Axel Kicillof le propuso que Repsol devolviera las utilidades de los últimos cinco años. Unos 9.000 millones de dólares, cifra cercana a la cuenta total de las importaciones energéticas de la Argentina en el último año. O que trasladaran inversiones de la casa matriz desde el África para resarcir el “vaciamiento” que habrían provocado en la Argentina. Antonio Brufau, el presidente mundial de Repsol, contestó que esas soluciones eran inviables. Que podía estirarse hasta un eventual plan de inversiones en el país de 4.000 millones de dólares anuales durante los próximos cinco años. Mientras, desinvertirían para que el gobierno argentino adquiriera hasta el 30% de las acciones de la petrolera. El empresario catalán incluso prometió trabajar personalmente para que algunas de las megapetroleras chinas aportaran otros 25.000 millones de dólares en el próximo quinquenio, el volumen mínimo necesario para explotar los pozos de shale gas descubiertos en Vaca Muerta, Neuquén. Hasta ahí, negociaba.

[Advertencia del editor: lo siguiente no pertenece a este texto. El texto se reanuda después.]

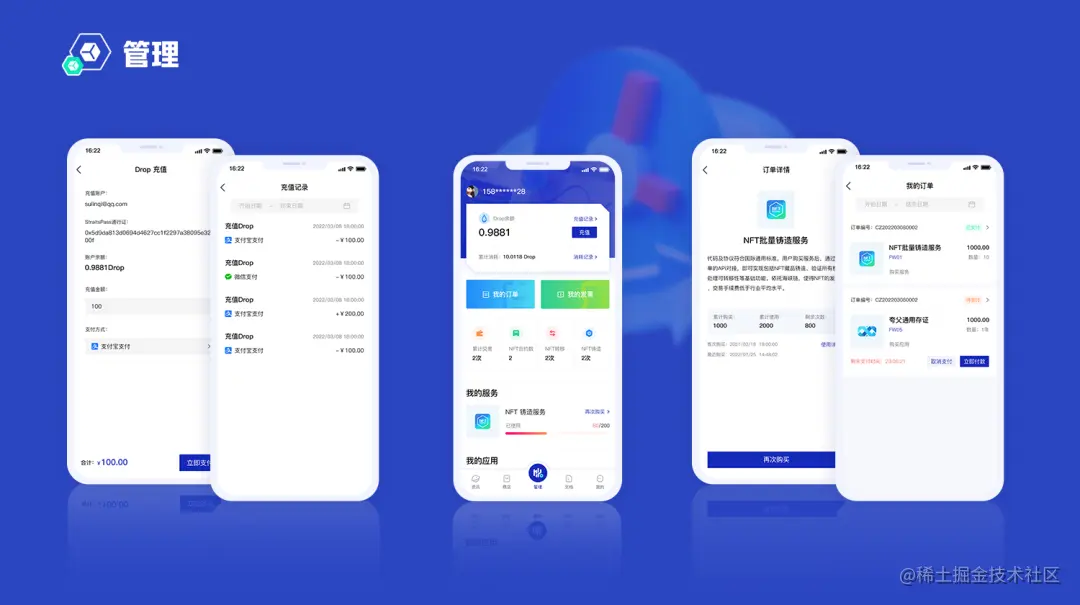 “管理”板块集成了Drop充值、订单管理、发票管理等功能,让海峡链的开发者无需登录浏览器也能够轻松管理链上服务。目前,Beta版已支持查看Drop余额、充值记录、消耗记录和开票记录,可快速浏览已购买的应用服务的历史订单、订单详情和使用详情,并且以曲线图的方式直观地展示了账户链上交易的历史数据和增长情况。后续版本将陆续上线Drop充值、应用购买、服务续费、发票管理等一系列实用的功能,敬请期待!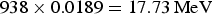 $ 938 \times {\rm 0}{\rm. 0189} = 17.73\,{\rm MeV}$.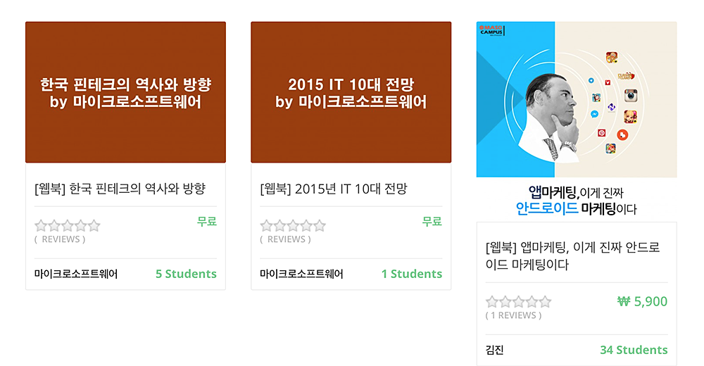 IT 실무교육 전문기관인 마소캠퍼스가 디지털 웹북 서비스를 시작했다. 이번에 공개된 자료는 ‘2015년 IT 10대 전망’과 ‘한국 핀테크의 역사와 방향’로, 무료로 서비스된다. 이와 함께 공개된 ‘앱마케팅, 이게 진짜 안드로이드 마케팅이다’의 경우 유로 서비스다. 무료 웹북은 회원가입을 하지 않아도 마소캠퍼스의 LMS에서 볼 수 있다. 유료서비스도 특정 챕터는 ‘맛보기 무료’를 통해 일부 열람할 수 있다. 해당 웹북을 PDF로 보기 위해서는 로그인이 필요하다.
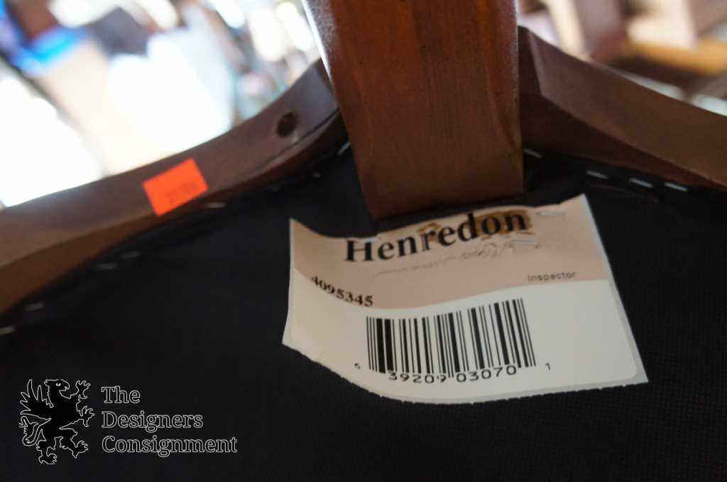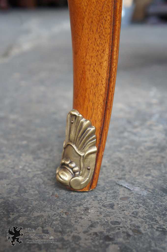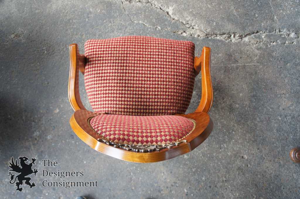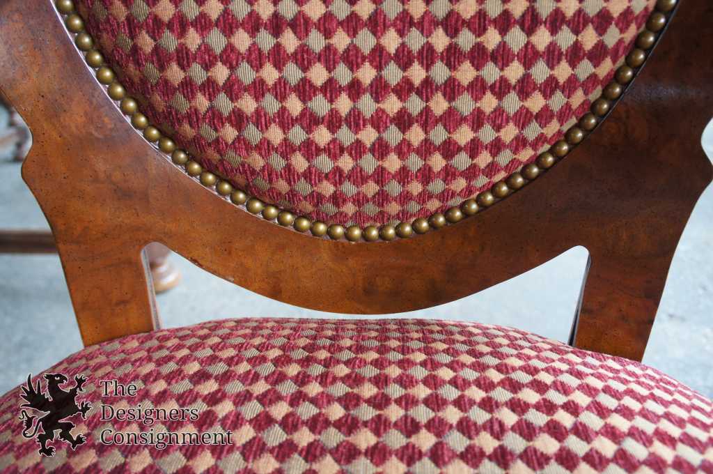 Henredon Olive wood burled chairs. Louis XVI style with brass mounted scalloped back and feet. Upholstered in a red checkered pattern with nailhead trim.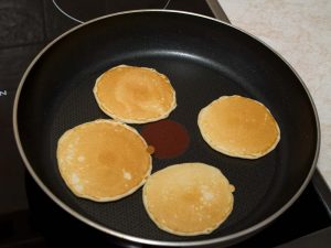 - Сложете тигана на огъня. Загряваме го добре, омазняваме го масло или растително масло. И изсипете тестото в тигана с помощта на лъжица. В същото време изпържваме няколко палачинки (така че палачинките да са сухи, по-добре е да използвате креп производител с малки клетки). Запържете ги от двете страни, докато красива златиста кора.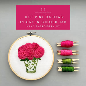 The bright pink and green color palette is a preppy and modern take on the classic chinoiserie aesthetic. The Hot Pink Dahlias in Green Ginger Jar hand embroidery kit includes the following: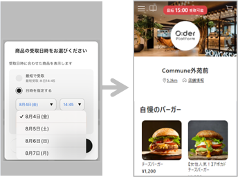 指定した日に受取可能なメニューブックが表示されるようになります。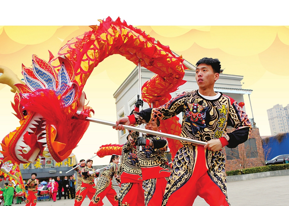 2月13日,在襄汾县丁陶风情街,民间艺人在表演传统节目《龙腾盛世》。春节期间,各地民间艺人纷纷走上街头,用丰富多彩的传统民俗表演闹新春。
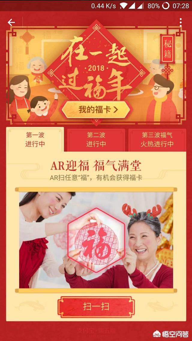2月6日开始,用支付宝里面的AR扫福字就可以得到福卡,具体是将手机对准任意福字扫一扫就有可能获得福卡,这也是往年的老玩法。

No estaba dispuesto a aceptar una salida extorsiva. Del otro lado, según contaría luego Brufau, solo escuchó chicanas y aprietes. Esa reunión del jueves 12 a la mañana, en las oficinas del Ministerio de Economía, terminó mal. Como dijo allí mismo el ministro Julio De Vido, era la última oportunidad de abrir una vía de negociación.